Stuart’s Tim Peacock argued that the 5 percent tax could equate to fewer visitors coming to Nelsonville.

“It has been suggested that the 5 percent fee is passed on to our customers, this still equates to raising our prices,” Peacock said. “Every time you have to raise the price on a product, be it a ticket, a boot, a haircut, or a hamburger, you will likely sell less of said product. We work extremely hard to keep our ticket prices as low as possible so we can serve as many people as possible. We understand that the more people come to town, the more money is spent in town. Every increase in prices results in fewer tickets sold.”

Paige Alost, executive director of the Athens County Convention and Visitor’s Bureau, told The NEWS this week that while 63 other municipalities in Ohio have similar admissions taxes, only 16 of those have a tax rate that’s 5 percent or higher. She said she’s “concerned” about how the admissions tax will affect her organization’s various “partners” who do a “tremendous amount of fundraising” in Nelsonville.

Alost noted that the majority of these admissions taxes levied across the state contain exemptions for non-profit, religious, veteran support or charitable organizations. She also said nobody on City Council has been able to give her a straight answer on which organizations will be affected by the tax. 

Nelsonville’s tax has one passage that lists organizations exempt from the tax, which includes: 

• Any events that are “exclusively to the benefit of religious, educational or charitable institutions, societies or organizations, if no part of the net earnings thereof inures to the benefit of any private stockholder or individual.”

• Any events that exclusively benefit people in the U.S. military, Navy or National Guard.

• Any events that exclusively benefit the employees of a “municipal corporation,” or benefits the general revenue fund of a “municipal corporation.”
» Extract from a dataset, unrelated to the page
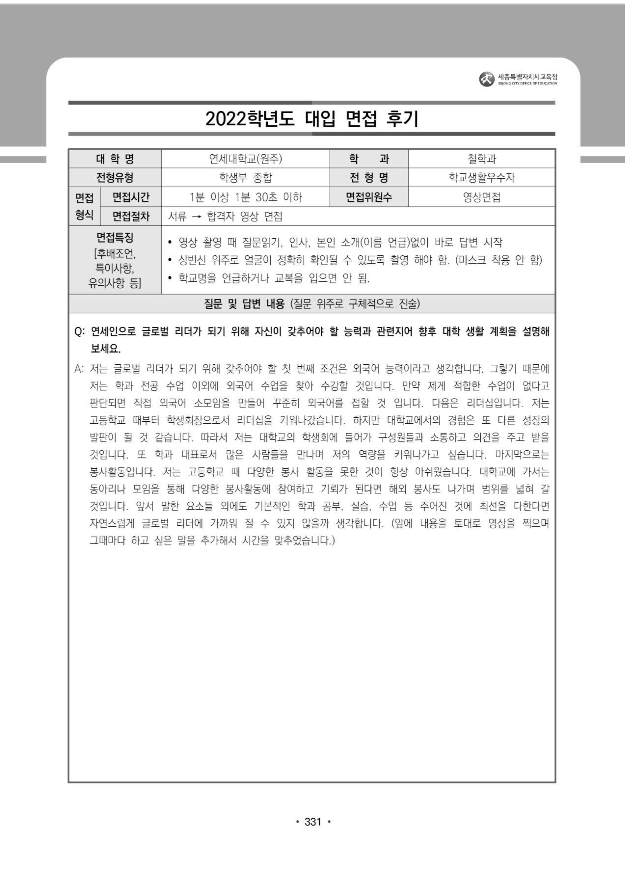 2022학년도 연세대학교 면접 후기49 - 정치외교학과 2022학년도 연세대학교 면접 후기50 - 철학과

• Any wrestling matches, boxing or athletic game or exhibition, when the proceeds go to benefit a “high school, academy, preparatory school” or any college or university.
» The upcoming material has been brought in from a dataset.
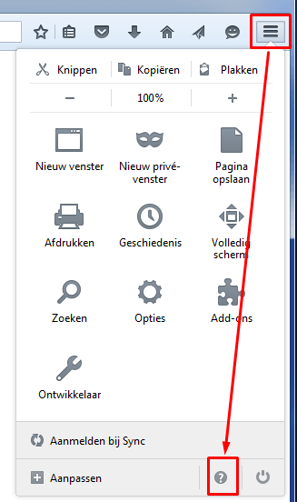 Open het instellingen-menu van Firefox en klik op het help-icoontje:

When asked the effect of the “charitable” organization exemption, Mash said Wednesday that he interpreted that as meaning that the proceeds from the event must solely go to benefit a charitable organization, such as the American Red Cross, for example.

“If no employees are being paid during the event, and if every bit goes to a charitable organization, then yeah, they won’t have to pay taxes on it (tickets),” Mash explained.

Dan Sherman, one of the City Council members who voted for the tax, said that he thinks the admissions tax is a good idea because “we can’t keep taxing our own people.”

“Nelsonville is not a very young area,” he explained. “A lot of people are on a fixed income, and we need money to fix the streets and to help support the city. I think if somebody is coming from out of town and they want to buy a train ticket online or whatever, 85 cents is not going to stop them from doing that.”

Sherman and Mash both added that people already currently pay Ticketmaster and other online ticket-sales company fees when they buy tickets to Nelsonville events online.

Alost said her organization is in favor of leveraging visitors to Athens County.

“But when you tell me that you’re either going to have to cut police and fire, or have to make visitors pay, that puts us between a rock and a hard place,” Alost said. “If we were in a community like Daytona Beach where the visitors have a huge impact on fire and safety services, that’d be one thing. I just don’t believe that the impact of our visitors there is (so great).”